How has this space evolved recently?
“Many anti-TGF-beta therapies combining with immunotherapies are successful in preclinical models. Currently, these successes have been translated to clinical trials on many cancer types.”
What are the promising combinational therapies with TGF-β?
“An anti-PD-1/PD-L1 antibody can be improved by combining it with an anti-TGF-beta neutralizing antibody treatment in preclinical cancer models demonstrated this combination strategy will be a promising cancer therapy.”
What are the crucial next steps to improve preclinical and clinical success in 2023?
“Development of mechanism-driven combination strategies will be the next crucial steps in both preclinical and clinical practices. Biomarker development will be another crucial step for success of the ongoing and further clinical trials.”
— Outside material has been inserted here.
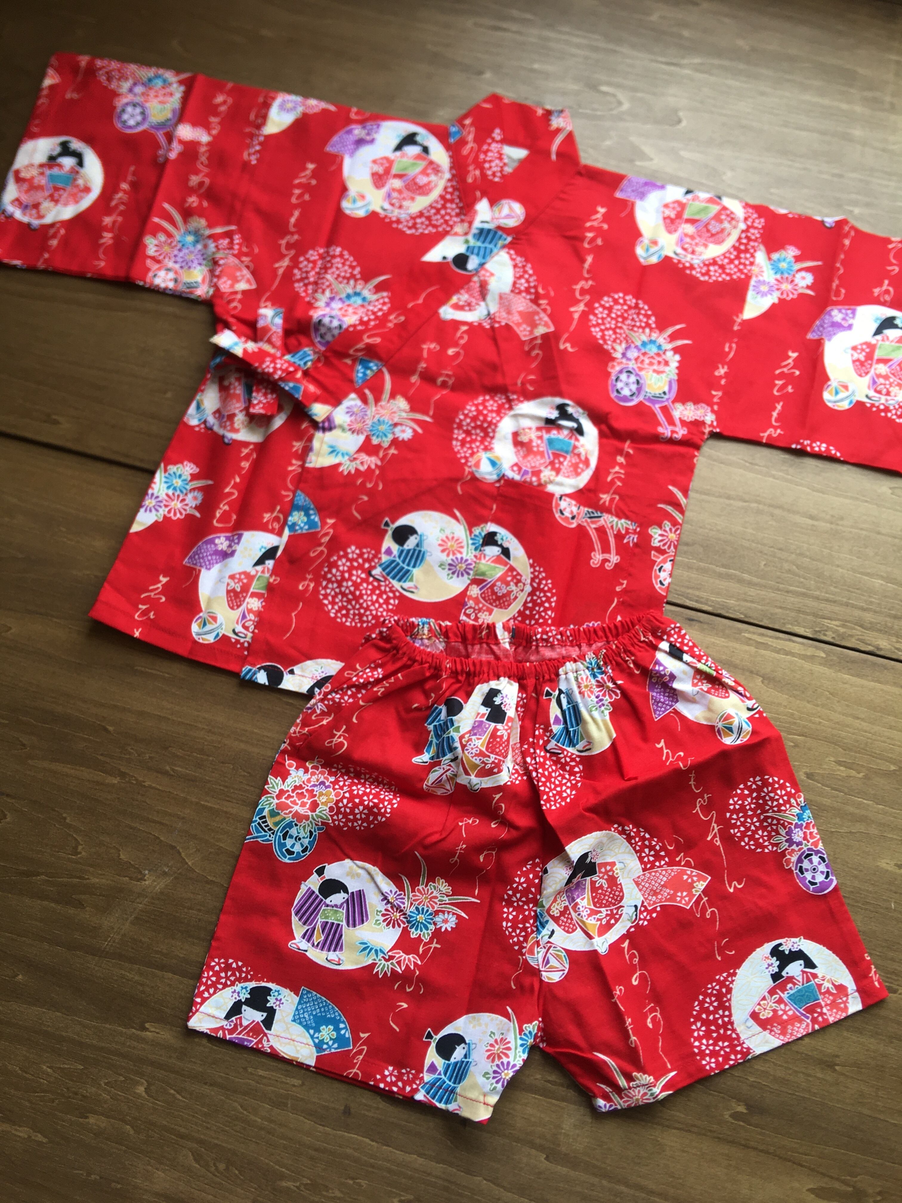 【送料無料】☆ソフトな着心地☆キッズ 《わらべ》和柄甚平【KID'S "KIMONO GIRL" JACKET & SHORTS ("JINBEI")】SIZE: L ~ XL(120~130cm)PINK/RED 上下 セットアップ KIDS 綿100% 和風 和服 パジャマ 部屋着 人気 春夏 おうち時間 おうちコーデ お出かけ 夏休み 夏祭り ギフト

What is some of the exciting work you are looking forward to sharing?
“I will share our recent translational research data focusing on TGF-beta signature as the predictive biomarker. It might help to identify the patients who most likely to derive clinical benefit from different combination strategies. We will also review the current clinical data based on the literature and database to discuss how to promote the clinical studies of patient selection criteria and optimal dosing regimens.”
What are you looking forward to at the 3rd TGF-β for Immuno-Oncology Drug Development Summit?
“There remains a challenge in the development of TGF-β antagonists as cancer therapy because the outcomes observed in more than 20 cancer clinical trials using anti-TGF-beta therapies still lack consistency and fail to recapitulate the preclinical data. We are looking forward to discussing the questions about what is missing when translating these strategies from bench-to-bedside."